La Confession a fourni une protection contre les conceptions de Dieu pseudo-bibliques et mal instruites.
La Confession de foi tire son nom de l’Assemblée de Westminster (1643-49/52), qui s’est réunie dans l’abbaye historique de Westminster à Londres. L’Assemblée était un conseil ecclésiastique nommé par le « Long Parlement » de 1640-48 pour recommander des réformes dans la doctrine et la pratique de l’Église d’Angleterre.
Les 33 chapitres de la Confession de Westminster peuvent être résumés en deux parties, un peu comme certaines épîtres de Paul : la doctrine (chapitres 1-18, 32-33) et le devoir (19-31).
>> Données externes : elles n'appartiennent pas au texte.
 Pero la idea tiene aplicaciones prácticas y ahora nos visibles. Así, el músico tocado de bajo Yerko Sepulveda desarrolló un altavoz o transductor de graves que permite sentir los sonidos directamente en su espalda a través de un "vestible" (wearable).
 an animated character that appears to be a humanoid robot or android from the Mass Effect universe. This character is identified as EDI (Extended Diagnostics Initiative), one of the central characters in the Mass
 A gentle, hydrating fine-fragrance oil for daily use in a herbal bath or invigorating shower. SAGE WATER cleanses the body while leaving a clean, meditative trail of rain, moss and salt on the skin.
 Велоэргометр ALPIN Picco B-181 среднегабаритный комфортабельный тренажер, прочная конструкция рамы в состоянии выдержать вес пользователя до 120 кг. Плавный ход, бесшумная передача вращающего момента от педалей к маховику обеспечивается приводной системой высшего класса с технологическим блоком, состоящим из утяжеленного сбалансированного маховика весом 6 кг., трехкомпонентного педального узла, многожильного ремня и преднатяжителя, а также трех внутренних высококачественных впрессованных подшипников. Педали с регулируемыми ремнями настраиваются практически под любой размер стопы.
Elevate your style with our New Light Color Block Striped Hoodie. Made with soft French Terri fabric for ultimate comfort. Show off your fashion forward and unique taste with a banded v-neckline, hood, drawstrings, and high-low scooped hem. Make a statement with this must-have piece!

La confession résume pour nous ce que les Écritures nous enseignent à croire (la théologie de la foi) et à vivre (une éthique chrétienne pratique).
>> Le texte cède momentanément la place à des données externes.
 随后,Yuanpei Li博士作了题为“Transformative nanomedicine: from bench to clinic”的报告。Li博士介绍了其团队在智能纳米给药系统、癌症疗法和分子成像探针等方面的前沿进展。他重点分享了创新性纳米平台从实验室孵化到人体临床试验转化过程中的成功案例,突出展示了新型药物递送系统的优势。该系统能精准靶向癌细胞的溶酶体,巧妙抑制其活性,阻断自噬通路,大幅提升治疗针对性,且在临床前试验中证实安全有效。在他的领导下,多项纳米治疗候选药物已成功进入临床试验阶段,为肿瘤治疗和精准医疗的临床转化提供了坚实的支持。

La confession contient 186 paragraphes et au moins 205 propositions théologiques distinctes. Elle peut être découpée en huit sections : L’Ecriture (chapitre 1), Dieu (2-5), l’homme et le péché (6), le Christ et le salut (7-13), notre réponse au salut de Dieu (14-18), la vie chrétienne (personnelle, familiale et sociale, 19-24), la vie chrétienne (ecclésiastique, 25-31), et des points conclusifs (32-33).
Les catéchismes de Westminster suivent également ce plan. Le Petit Catéchisme pourrait se résumer à ce que les chrétiens croient (questions 1-38) et à la manière dont les chrétiens doivent vivre (39-107). La structure du Grand Catéchisme est similaire, avec des sections consacrées à la doctrine (questions 1 à 90) et au devoir (91 à 196).
La haute valeur doctrinale de l’Écriture
« La Confession » commence par démontrer la nécessité de l’Écriture, révélation particulière de Dieu et révélation de soi. Le premier chapitre énonce ensuite le contenu de l’Écriture de manière positive (quels livres sont dans la Bible) et négative (quels livres n’y sont pas). Il montre ensuite, dans des sections consécutives, pourquoi nous croyons que la Bible fait autorité, qu’elle est vraie, qu’elle suffit au salut et à la vie chrétienne, qu’elle est claire, qu’elle a été inspirée par Dieu et qu’elle a été conservée de manière providentielle, en dépit des traductions multiples.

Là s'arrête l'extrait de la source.